Segment Start: Dataset

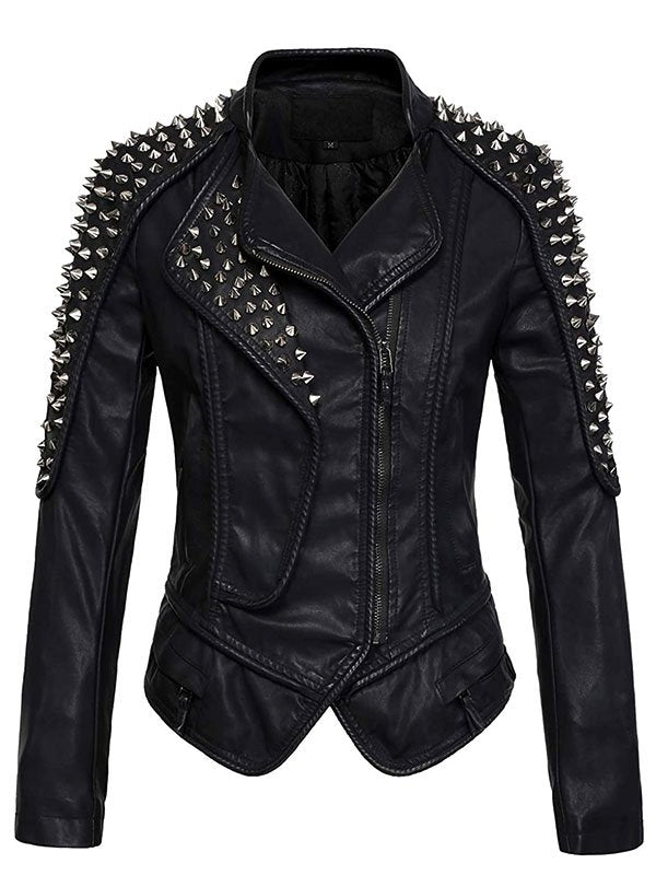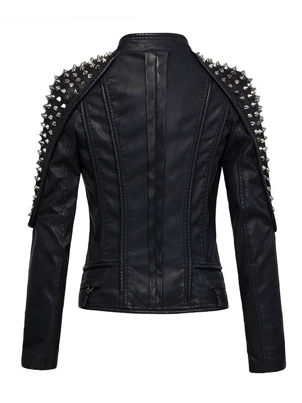Women’s Black Punk Stylish Studded Leather Moto Jacket
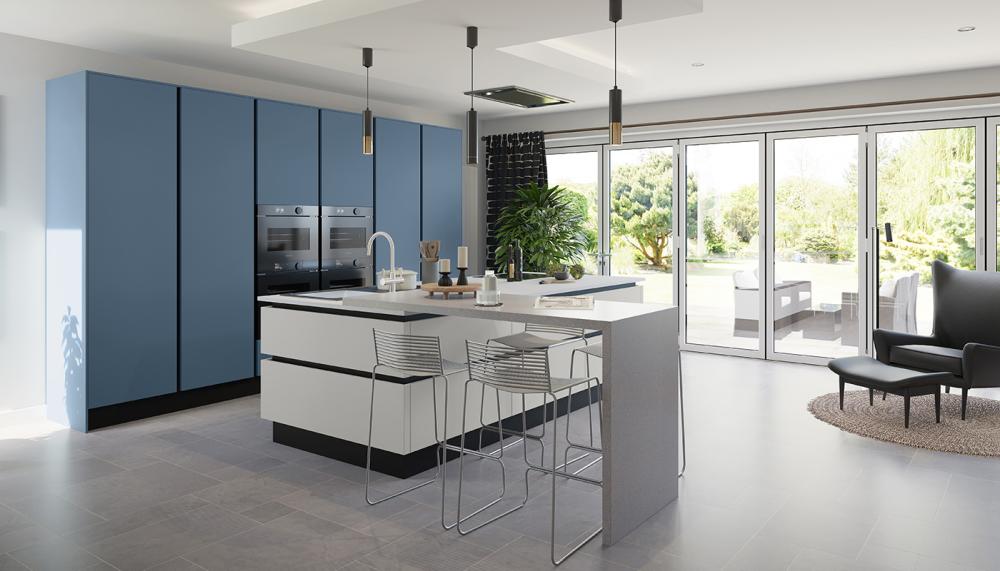 Style and smart functionality combined, Uno is styled in an eye-catching calm blue cabinetry and includes an innovative SpaceTower™ storage solution. The central island is showcased in a complementary soft pearl finish, serving as a hub for informal dining and enjoying garden views. The modern design is completed with black handle-less profiles and matching plinths.
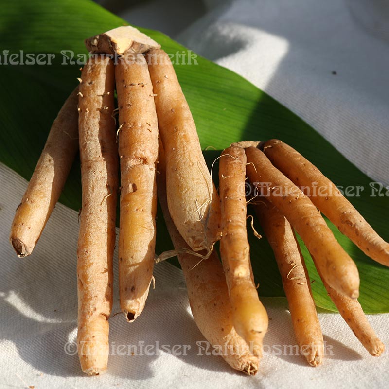 Dieses thailändische Gewächs aus der Ingwerfamilie ist im Vergleich zum tropischen Ingwer leicht als Topfpflanze zu ziehen. Das Öl wird wie beim Ingwer aus dem Rhizom gewonnen und hat einen exotischen, milden Ingwerduft mit fruchtigen Nuancen, die dünnen Seitenwurzeln werden roh und gekocht in vielen Gerichten serviert, ebenso wie die jungen zarten Blätter und Sprossen. Es hat eine schöne rosa- violette, orchideenhafte Blüte mit zartem Geruch.
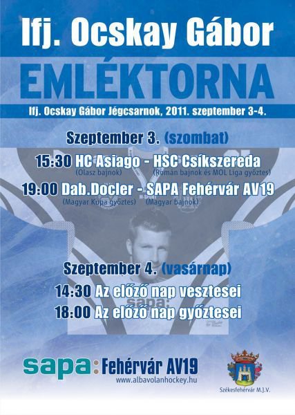 Idén már harmadszorra rendezik meg Fehérváron az ifj. Ocskay Gábor Emléktornát. A rendezvény szeptember 3-án (szombaton) 15:30-kor az olasz bajnok HC Asiago és a román bajnok, MOL Liga győztes HSC Csíkszereda mérkőzésével indul. Az emléktorna idei lebonyolítása nem körmérkőzéses, hanem "kieséses" rendszerben történik.
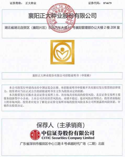 瑞财经王敏报道,6月30日,襄阳正大种业股份有限公司(以下简称“正大种业”)北交所IPO获受理,保荐机构为中信证券,保荐代表人为李良、吴博申,会计师事务所为毕马威华振。
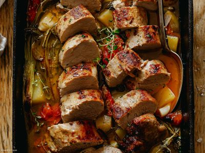 Baked Pork Tenderloin with Vegetables and Spiced Butter
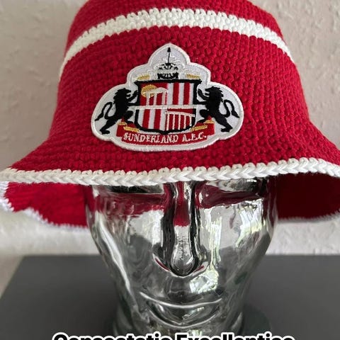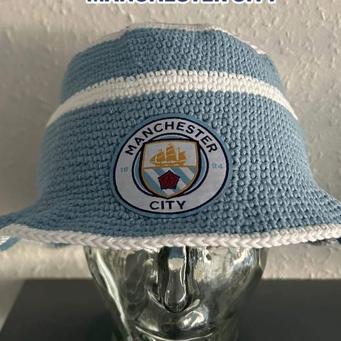 Hæklet Manchester United bøllehat efter egen opskrift og design. Fast pris kr. 300.

Segment End: Dataset

Please transcribe exactly the lines from the one containing "Baked Pork Tenderloin" through the last line of the records above, both included, and leave out every picture.

**Task output:**
 Baked Pork Tenderloin with Vegetables and Spiced Butter
 Hæklet Manchester United bøllehat efter egen opskrift og design. Fast pris kr. 300.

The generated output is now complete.